Another thing that we should think of in this  arena is to enable some form of RESTful logging facility, so that users can find out what happened to the content. The technology that seems best suited for that seems to be RSS or Atom Syndication (probably the latter). The nice thing is that we could log all the changes to any URI we use in the system. I am not sure under which URL we would address the log, one idea is to just make use of the the mime type application/atom+xml just as for the xhtml presentation as suggested in my last post that would at least alleviate the choice of URL.

Integrating Presentation into OMBase

Monday, March 24th, 2008

I have just been reading up on REST again, since I found a very palatable pair of articles (REST intro, and  practices). This got me thinking about the state of OMBase, and the integration of our presentation pipeline into the OMBase interface. It is RESTful, since we have MMT addressing via URIs implemented. You just use a GET to retrieve them.

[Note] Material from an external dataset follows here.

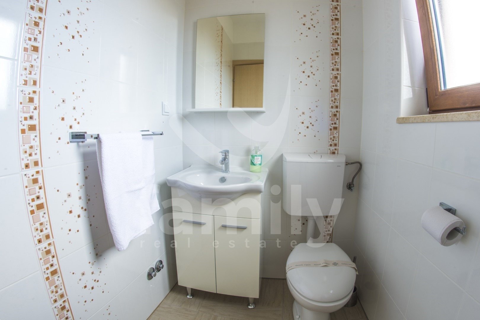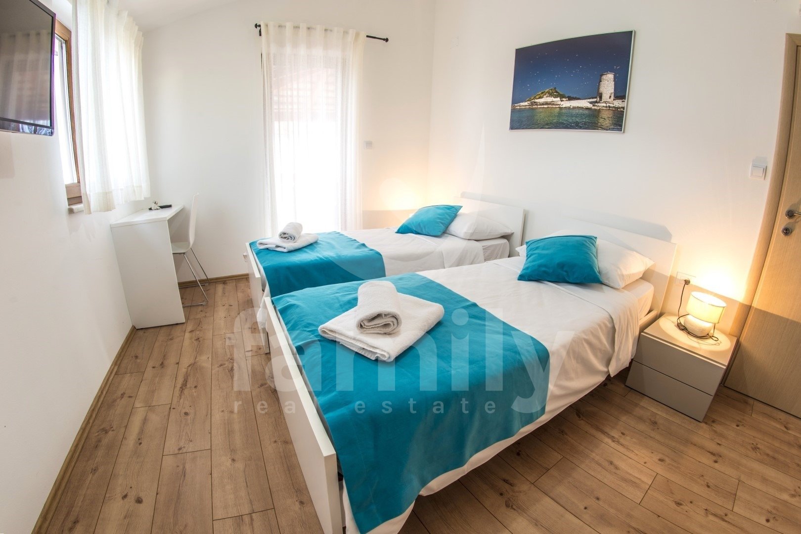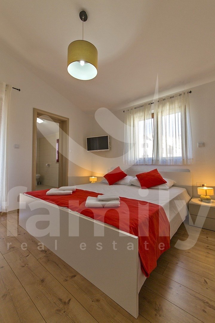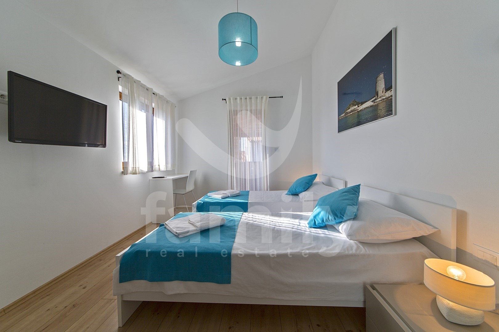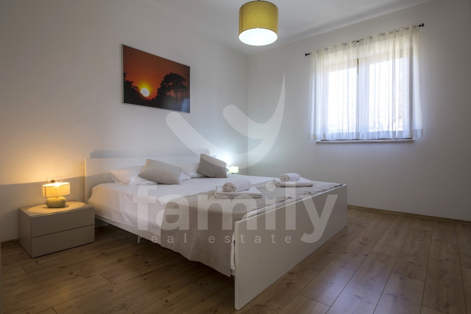 Nedaleč od središča Vodnjana in morja, v mirni vasici Barbariga, se nahaja ta kakovostna družinska hiša z bivalno površino 196 m2 in vrtom velikosti 460 m2. Hiša se razprostira na dveh nadstropjih, v pritličju se nahaja vhodna dvorana, stranišče za goste, prostorna in svetla dnevna soba z jedilnico in kuhinjo, skozi katero je dostop do terase, tlakovane s kamnom in opremljene z zunanjim vgradnim kaminom z istrsko jamo in jedilno mizo za 6 oseb, kurilnico, bazenom s prostorom za sončenje in zunanjim tušem. Drugo nadstropje oziroma prvo nadstropje sestavljajo tri udobne spalnice, vsaka s svojo kopalnico, pri čemer imata dve spalnici dostop do terase s čudovitim razgledom na morje. Hiša je opremljena s PVC stavbnim pohištvom, tla so prekrita s kakovostnim parketom in keramiko, medtem ko je sistem ogrevanja in hlajenja v celotni stavbi reguliran s 4 klimatskimi napravami. Nepremičnina je opremljena tudi s solarnim ogrevanjem, ki zagotavlja toplo vodo za 500-litrski bojler. Parkirna mesta so zagotovljena v nadstrešku z dvema pokritima parkirnima mestoma, medtem ko sta dve dodatni parkirni mesti na voljo v nepokritem delu.

What I have talked with Florian about, but maybe not with the OMBase team, is how to integrate presentation. That should be very simple from the interface point of view: we just take the same URLs, but a different HTTP header.

GET /arith1/lcm
Host: cds.omdoc.org
Accept: application/omdoc+xml

gives you the OMDoc file and

GET /arith1/lcm
Host: cds.omdoc.org
Accept: application/xhtml+xml

gives you the presented version (with the standard options). Now, we have written a paper about presentation and submitted it to MKM and Christine has spent a lot of ingenuity on defining user options to the presentation process.This should be easy to integrate with the URI query interface:

GET /arith1/lcm?ext=foo.ntn∫=lang:ntn;style:physics
Host: cds.omdoc.org
Accept: application/xhtml+xml

That should do the trick.

MathML Support in Firefox 3 beta 4.

Sunday, March 16th, 2008

I have just installed the new firefox 3 beta 4. I have been using betas of Firefox3 for a while, and have been enthusiastic about the release, but always had to keep a Firefox 2 copy around for viewing MathML.  Without having tested this extensively, I would say that in beta 4, the level of MathML support is up to the level of Firefox 2, which allows me to make the transition to Firefox 3 fully. For some reason I do not fully understand, it seems that the font problems I was having with FF2 have also gone away.

To test FF3, I have looked at our MathML version of the Cornell eprint arXiv and the results are really impressive.

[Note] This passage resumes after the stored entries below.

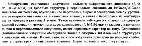 Обнаружено спонтанное излучение дальнего инфракрасного диапазона (Λ 9έ й 1О...20мкм) из диодных структур с вертикально связанными InGaAs/AlGaAs квантовыми точками, обусловленное переходами дырок и электронов между уровнями размерного квантования в квантовых точках, а также с переходами из континуума на уровень в квантовой точке. Такое излучение наблюдается только при одновременной генерации межзонного коротковолнового (λ 9ί 0.94 мкм) лазерного излучения и, как и коротковолновое излучение, имеет пороговый характер so току. Спонтанное длинноволновое излучение обнаружено также в лазерных InGaAs/GaAs структурах с квантовыми ямами. Интенсивность этого излучения примерно на порядок слабее, чем в структурах с квантовыми точками. Порог по току у него отсутствует.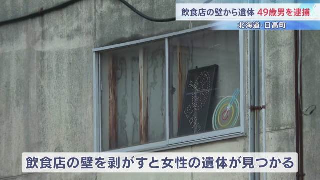きょう未明、北海道日高町の飲食店の壁の内側から成人女性の遺体が見つかり、警察はこの店を経営する49歳の男を死体遺棄の疑いで逮捕しました。
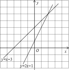 分析 在同一平面直角坐标系中画出函数y=x+3与y=2x+1的图象,两直线交点的坐标就是方程组$\left\{\begin{array}{l}{y=x+3}\\{y=2x+1}\end{array}\right.$的解.

Ontology repair in Physics

Thursday, February 21st, 2008

I am just sitting the CIAO workshop and Alan Bundy and Michael Chan are talking about a very nice topic: the evolution of ontologies in Physics. They are applying this to historical examples like the latent heat problem and the MOND theory that is hot in Physics at the moment. The idea is that when experiments contradict theory, there is a clash between the theory ontology Ot and the sensory Ontology Os, which they solve by renaming apart selected concepts between the ontologies to resolve the contradiction. So they change the ontologies by renaming. The nice thing is that they can interpret the operation of renaming as a conservative theory extension which gives a nice interpretation of minimal theory change/repair.

You can find the details here.

Even though I totally buy into their observations, I think that  it would be better to keep the theories as they are and interpret the repair operations as theory morphims. That would be a non-desctructive operation, and the operations would become very natural theory morphisms.

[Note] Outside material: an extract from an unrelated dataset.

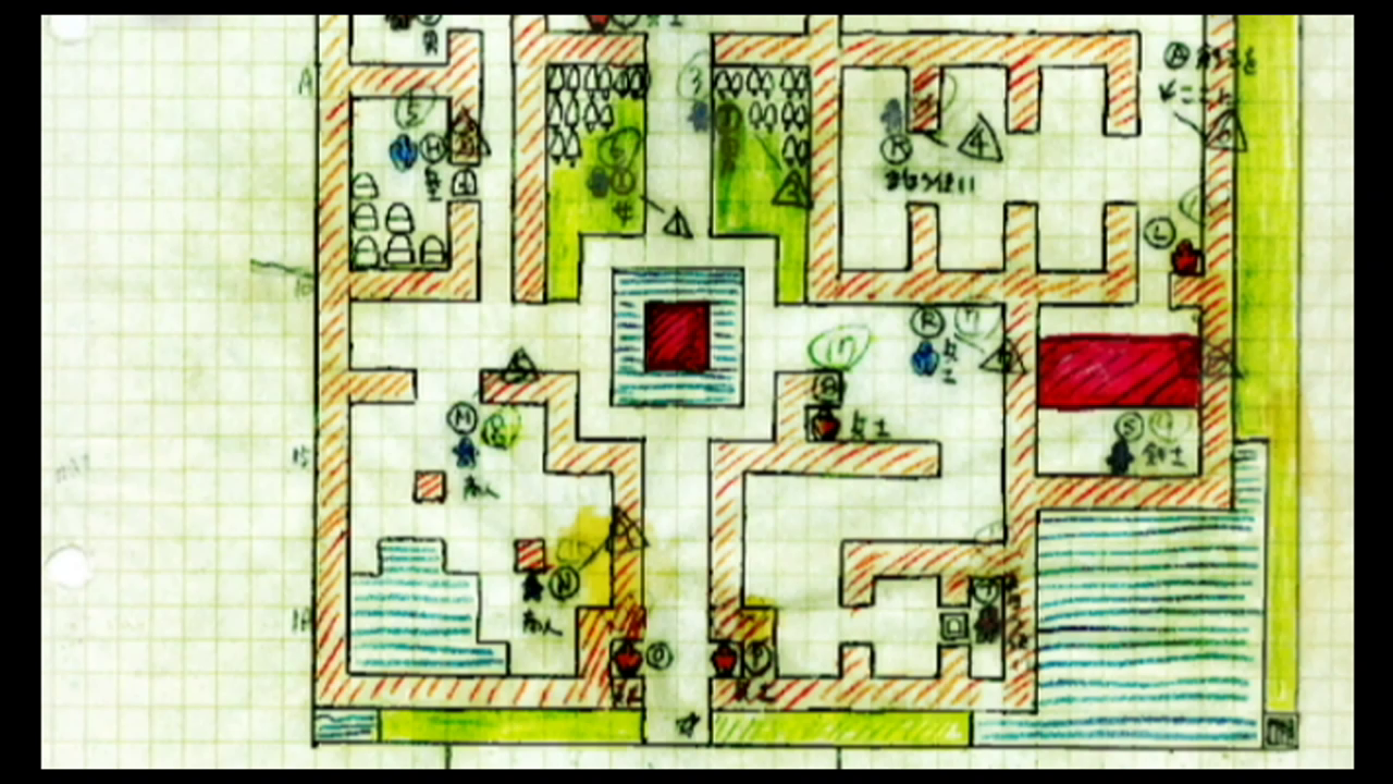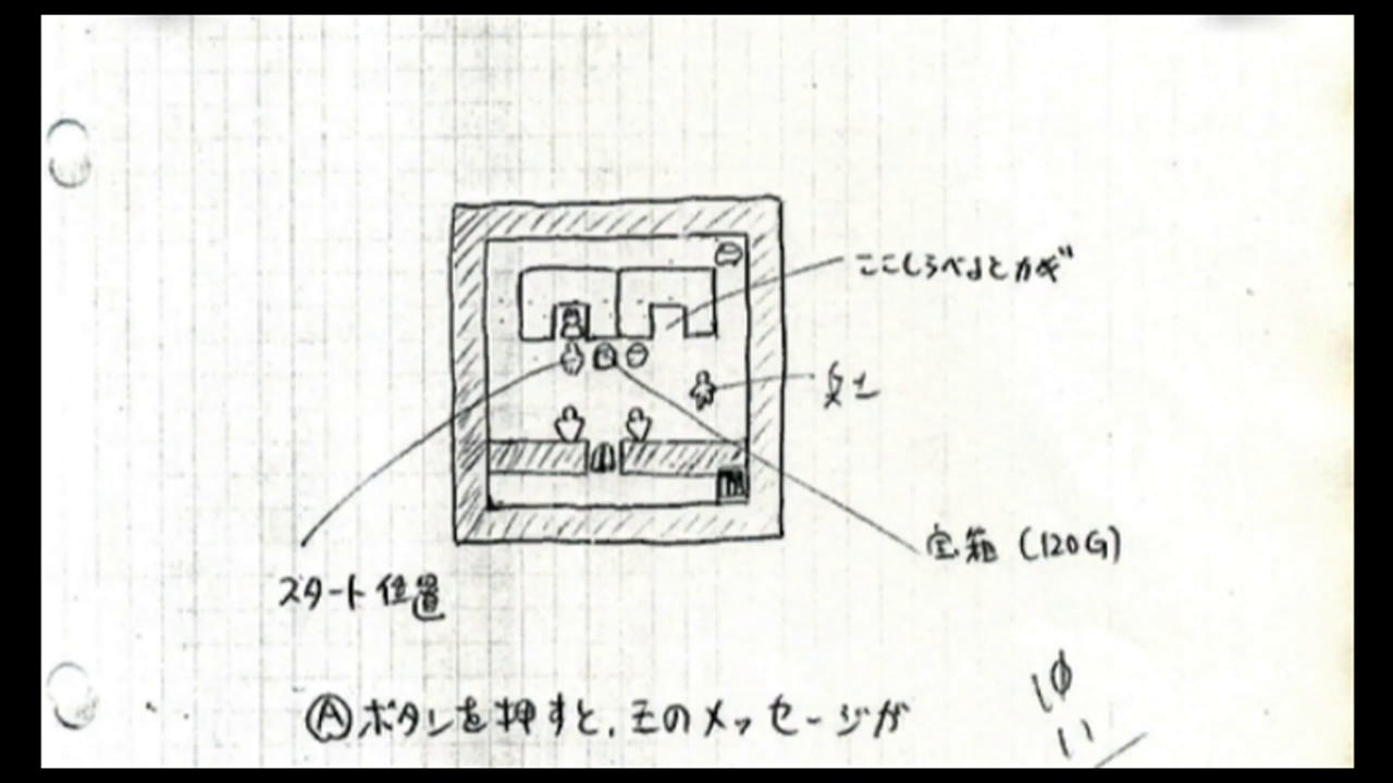 여기를 조사하면 열쇠 획득, 보물상자 등의 위치도 쓰여있다. 말인 즉슨, 모든 맵에 대해 이렇게 상세하게 기획을 해 놓았다는 뜻이 된다. 툴이 있는 것이 아니니 이렇게 하지 않으면 구현 자체가 불가능했을 테니까.

Success Rates in the arXMLiv project

Sunday, December 9th, 2007

I have been silent for a long time, since the semester and various papers have kept me busy. But the semester is over, now…

We have been making some progress on the conversion of the arXiv  collection from LaTeX to XHTML+MathML (see the arXMLiv project at KWARC), and I have announced that we have over 50% “success rate”. I have been asked by Aaron Krowne what success rate means and when we are going to reach 100%.  Here is the story.

First I would like to briefly talk about what we are doing. We are using Bruce Miller’s LaTeXML converter over the ca 370 000 documents contained in the arXiv. Heinrich Stamerjohanns has build a test harness for LaTeXML that parses the log files and makes the statistics available on the web. This is a very powerful way of doing things, it has exposed a lot of problems in LaTeXML and has allowed Bruce to make the program much more stable (see e.g. the fatal error development). At 370000 LaTeX documents from all over the world over 15 years, there is almost no error you will not encounter. The other result is that we are sitting on what is probably the largest collection of documents with MathML in them worldwide.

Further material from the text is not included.